Remember, as an IT professional, all you have to do is to quickly push the right buttons, in the right sequence, at the right time and with zero errors. But as I pointed out in Entropy - the Bane of Programmers and The Demon of Software, it is very difficult indeed, and the problem lies with the second law of thermodynamics. There are only a very few sequences of button pushes in the vast number of possible button pushes that will actually get the job done properly, and the odds of you doing that are quite small indeed. Worse yet, in Software Chaos I showed that pushing just one button in the sequence incorrectly can lead to catastrophic results. Now the right sequence of button pushes already exists, all you have to do is find it and execute it perfectly! As we saw in The Demon of Software, in order to accomplish this, we have to turn some unknown information, called entropy, into known information that we can use, and the only way we can do that is to turn an ordered form of energy into the disordered form of energy we call heat. Some of this heat generation will take place in your brain as you think through the problem. A programmer on a 2400-calorie diet (2400 kcal/day) produces about 100 watts of heat sitting at her desk and about 20 watts of that heat comes from her brain. The remainder of this heat generation will come from pushing the buttons themselves. This puts us in a bit of a bind. The second law of thermodynamics states that it is impossible to turn unknown information, entropy, into useable known information without an accompanying increase in entropy someplace else in the Universe because the total amount of entropy in the Universe must always increase whenever a change is made. So we are forced to extract the correct sequence of button pushes from the vast number of possible button pushes by dumping some entropy into heat as we degrade the high-grade chemical energy in our brains and fingers into heat energy. However, there is another possibility open to us.
All forms of self-replicating information evolve over time using the Darwinian processes of inheritance, innovation and natural selection to blindly find solutions to problems and the same must have been true for the early parasitic RNA molecules that invaded the early protocells. The blind Darwinian processes of inheritance, innovation and natural selection make it possible to push the right sequence of buttons necessary to create a self-replicating strand of RNA that could then invade the already-existing protocells of autocatalytic self-replicating pathways of organic molecules residing within the protective phospholipid membranes of protocells. For the remainder of this post let's explore how that might have happened.

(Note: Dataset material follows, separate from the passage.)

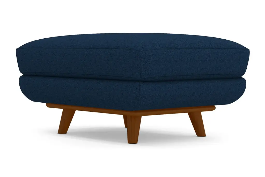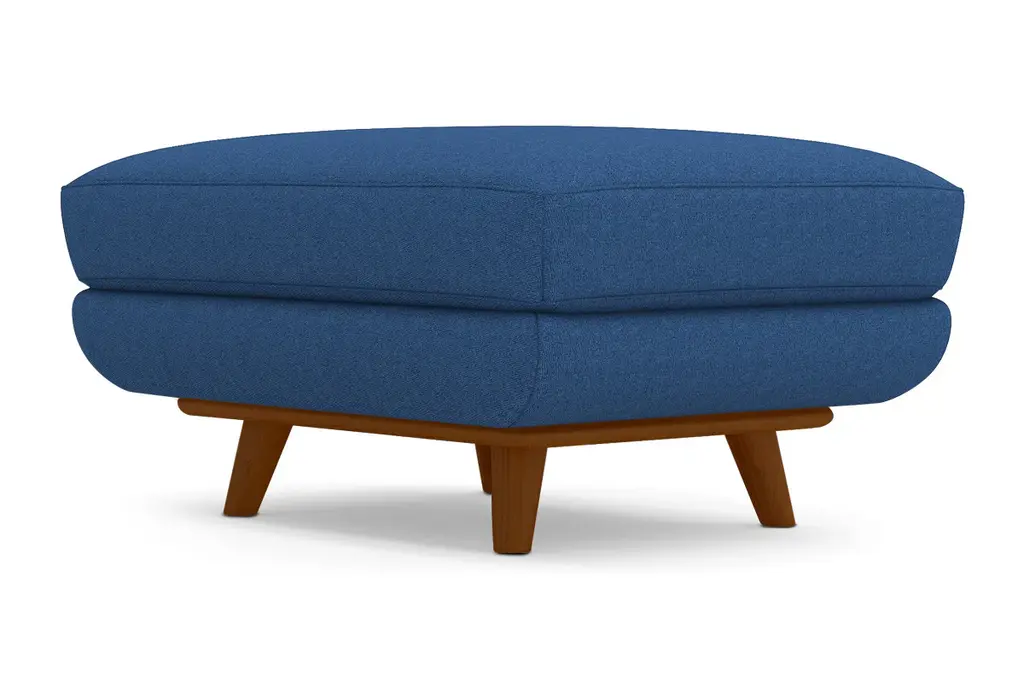 While the Carson Ottoman is designed to perfectly match our Carson Collection, pair it with your existing seating for a more eclectic vibe. Carson can be upholstered in a wide variety of soft, textured poly-blend fabrics, in a handful of sizes and with your choice of three wooden leg finishes. Made in the USA!

Some New Work on the Rise of an RNA-World 4.0 Billion Years Ago
As I mentioned in many previous posts, one of my most favorite scientific YouTubers is Anton Petrov. Anton reads tons of scientific papers and somehow manages to produce a new YouTube video every day covering some of his latest reads. His videos come out so frequently, that it is hard to keep up, but they are always very excellent. A few weeks back, I watched his YouTube video:
We Just Got Closer To Solving How Life Started on Earth
https://www.youtube.com/watch?v=hdiBC_z9F0M
in which he covered two papers that are available for download. The first paper is at:
Evolutionary transition from a single RNA replicator to a multiple replicator network
https://www.nature.com/articles/s41467-022-29113-x
Abstract
In prebiotic evolution, self-replicating molecules are believed to have evolved into complex living systems by expanding their information and functions open-endedly. Theoretically, such evolutionary complexification could occur through the successive appearance of novel replicators that interact with one another to form replication networks. Here we perform long-term evolution experiments of RNA that replicates using a self-encoded RNA replicase. The RNA diversifies into multiple coexisting host and parasite lineages, whose frequencies in the population initially fluctuate and gradually stabilize. The final population, comprising five RNA lineages, forms a replicator network with diverse interactions, including cooperation to help the replication of all other members. These results support the capability of molecular replicators to spontaneously develop complexity through Darwinian evolution, a critical step for the emergence of life.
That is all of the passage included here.